How to save data from Hive (Parquet, Text, ORC) to CSV file or any different file type?

How to save data from Hive (Parquet, Text, ORC) to CSV file or any different file type?
Photo by Annie Spratt on Unsplash

In this post I will show you few ways how you can export data from Hive to csv file. For this tutorial I have prepared hive table “test_csv_data” with few records into this table.

Method 1: INSERT OVERWRITE LOCAL DIRECTORY…

Please find the below HiveQL syntax. I use “INSERT OVERWRITE LOCAL DIRECTORY” syntax to create csv file as result of select “Select * from test_csv_data”. In this method we have to execute this HiveQL syntax using hive or beeline command line or Hue for instance.

INSERT OVERWRITE LOCAL DIRECTORY '/tmp/bigdataetl/hive2csv_insOverLocal' 
ROW FORMAT DELIMITED 
FIELDS TERMINATED BY ','  
LINES TERMINATED BY "\n"
SELECT * FROM test_csv_data;

Command output:

19/12/20 08:19:33 INFO ql.Driver: Compiling command(queryId=hive_20191220081919_33941327-d364-42ea-bfa4-7eb2739ef246): INSERT OVERWRITE LOCAL DIRECTORY '/tmp/bigdataetl/hive2csv_insOverLocal' 
ROW FORMAT DELIMITED 
FIELDS TERMINATED BY ','  
LINES TERMINATED BY "\n"
SELECT * FROM test_csv_data
19/12/20 08:19:34 INFO ql.Driver: Semantic Analysis Completed
19/12/20 08:19:34 INFO ql.Driver: Returning Hive schema: Schema(fieldSchemas:[FieldSchema(name:test_csv_data.id, type:int, comment:null), FieldSchema(name:test_csv_data.name, type:varchar(20), comment:null), FieldSchema(name:test_csv_data.age, type:int, comment:null)], properties:null)
19/12/20 08:19:34 INFO ql.Driver: Completed compiling command(queryId=hive_20191220081919_33941327-d364-42ea-bfa4-7eb2739ef246); Time taken: 0.108 seconds
19/12/20 08:19:34 INFO ql.Driver: Concurrency mode is disabled, not creating a lock manager
19/12/20 08:19:34 INFO ql.Driver: Executing command(queryId=hive_20191220081919_33941327-d364-42ea-bfa4-7eb2739ef246): INSERT OVERWRITE LOCAL DIRECTORY '/tmp/bigdataetl/hive2csv_insOverLocal' 
ROW FORMAT DELIMITED 
FIELDS TERMINATED BY ','  
LINES TERMINATED BY "\n"
SELECT * FROM test_csv_data
19/12/20 08:19:34 INFO ql.Driver: Query ID = hive_20191220081919_33941327-d364-42ea-bfa4-7eb2739ef246
19/12/20 08:19:34 INFO ql.Driver: Total jobs = 1
19/12/20 08:19:34 INFO ql.Driver: Launching Job 1 out of 1
19/12/20 08:19:34 INFO ql.Driver: Starting task [Stage-1:MAPRED] in serial mode
19/12/20 08:19:34 INFO exec.Task: Number of reduce tasks is set to 0 since there's no reduce operator
19/12/20 08:19:34 INFO mr.ExecDriver: Using org.apache.hadoop.hive.ql.io.CombineHiveInputFormat
19/12/20 08:19:34 INFO mr.ExecDriver: adding libjars: file:/usr/lib/hive/lib/hive-contrib.jar
19/12/20 08:19:34 ERROR mr.ExecDriver: yarn
19/12/20 08:19:34 WARN mapreduce.JobResourceUploader: Hadoop command-line option parsing not performed.
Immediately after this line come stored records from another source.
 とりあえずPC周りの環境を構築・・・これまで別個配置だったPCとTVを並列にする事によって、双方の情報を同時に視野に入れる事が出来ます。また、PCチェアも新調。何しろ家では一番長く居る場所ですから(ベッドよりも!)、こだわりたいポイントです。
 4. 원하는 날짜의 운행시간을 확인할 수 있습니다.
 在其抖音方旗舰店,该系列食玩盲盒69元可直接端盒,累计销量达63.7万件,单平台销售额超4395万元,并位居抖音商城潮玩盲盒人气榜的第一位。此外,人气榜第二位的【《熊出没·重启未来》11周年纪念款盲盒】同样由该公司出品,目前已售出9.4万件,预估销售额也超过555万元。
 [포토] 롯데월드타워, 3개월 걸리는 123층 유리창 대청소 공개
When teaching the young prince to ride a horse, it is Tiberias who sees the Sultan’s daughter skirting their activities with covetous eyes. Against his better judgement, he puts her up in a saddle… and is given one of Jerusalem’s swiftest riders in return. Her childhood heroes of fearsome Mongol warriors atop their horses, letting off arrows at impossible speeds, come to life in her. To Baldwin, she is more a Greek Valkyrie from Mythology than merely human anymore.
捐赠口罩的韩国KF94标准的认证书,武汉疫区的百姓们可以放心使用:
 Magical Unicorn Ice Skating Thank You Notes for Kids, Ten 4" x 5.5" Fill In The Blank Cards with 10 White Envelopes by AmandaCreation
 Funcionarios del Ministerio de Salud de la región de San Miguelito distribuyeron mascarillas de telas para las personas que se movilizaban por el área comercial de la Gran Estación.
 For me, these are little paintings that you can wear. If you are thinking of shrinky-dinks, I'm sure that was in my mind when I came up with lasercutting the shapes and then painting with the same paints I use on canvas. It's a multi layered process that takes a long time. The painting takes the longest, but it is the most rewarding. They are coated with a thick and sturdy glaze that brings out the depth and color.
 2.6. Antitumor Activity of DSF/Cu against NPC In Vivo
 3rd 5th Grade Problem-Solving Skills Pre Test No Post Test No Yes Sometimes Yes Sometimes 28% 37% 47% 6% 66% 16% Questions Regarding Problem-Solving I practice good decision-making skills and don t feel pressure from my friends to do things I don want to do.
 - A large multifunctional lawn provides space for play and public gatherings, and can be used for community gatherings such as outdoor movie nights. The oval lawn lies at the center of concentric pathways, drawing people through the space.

Implement the Tool interface and execute your application with ToolRunner to remedy this.
19/12/20 08:19:34 INFO exec.Task: Starting Job = job_1576766377926_0012, Tracking URL = http://quickstart.cloudera:8088/proxy/application_1576766377926_0012/
19/12/20 08:19:34 INFO exec.Task: Kill Command = /usr/lib/hadoop/bin/hadoop job  -kill job_1576766377926_0012
19/12/20 08:19:40 INFO exec.Task: Hadoop job information for Stage-1: number of mappers: 1; number of reducers: 0
19/12/20 08:19:40 WARN mapreduce.Counters: Group org.apache.hadoop.mapred.Task$Counter is deprecated. Use org.apache.hadoop.mapreduce.TaskCounter instead
19/12/20 08:19:40 INFO exec.Task: 2019-12-20 08:19:40,838 Stage-1 map = 0%,  reduce = 0%
19/12/20 08:19:47 INFO exec.Task: 2019-12-20 08:19:47,130 Stage-1 map = 100%,  reduce = 0%, Cumulative CPU 1.6 sec
19/12/20 08:19:48 INFO exec.Task: MapReduce Total cumulative CPU time: 1 seconds 600 msec
19/12/20 08:19:48 INFO exec.Task: Ended Job = job_1576766377926_0012
19/12/20 08:19:48 INFO ql.Driver: Starting task [Stage-0:MOVE] in serial mode
19/12/20 08:19:48 INFO exec.Task: Copying data to local directory /tmp/bigdataetl/hive2csv_insOverLocal from hdfs://quickstart.cloudera:8020/tmp/hive/cloudera/ee559ee2-25dd-41b7-bd65-a0767a7a03b2/hive_2019-12-20_08-19-33_928_8164278149162791118-1/-mr-10000
19/12/20 08:19:48 INFO ql.Driver: MapReduce Jobs Launched: 
19/12/20 08:19:48 INFO ql.Driver: Stage-Stage-1: Map: 1   Cumulative CPU: 1.6 sec   HDFS Read: 3712 HDFS Write: 70 SUCCESS
19/12/20 08:19:48 INFO ql.Driver: Total MapReduce CPU Time Spent: 1 seconds 600 msec
19/12/20 08:19:48 INFO ql.Driver: Completed executing command(queryId=hive_20191220081919_33941327-d364-42ea-bfa4-7eb2739ef246); Time taken: 14.245 seconds
19/12/20 08:19:48 INFO ql.Driver: OK

Method 2: hive -e

Using this method firstly we have to create shell/bash script which we will execute. In short: we will execute shell script which fetch data from hive and write output to file.

Create shell script

[root@quickstart bigdataetl]# vim hive2csv_hive.sh

# Put this command into shell file
hive -e 'select * from test_csv_data' | sed 's/[\t]/,/g'  > hive2csv_hive.csv

Execute script and see the command output.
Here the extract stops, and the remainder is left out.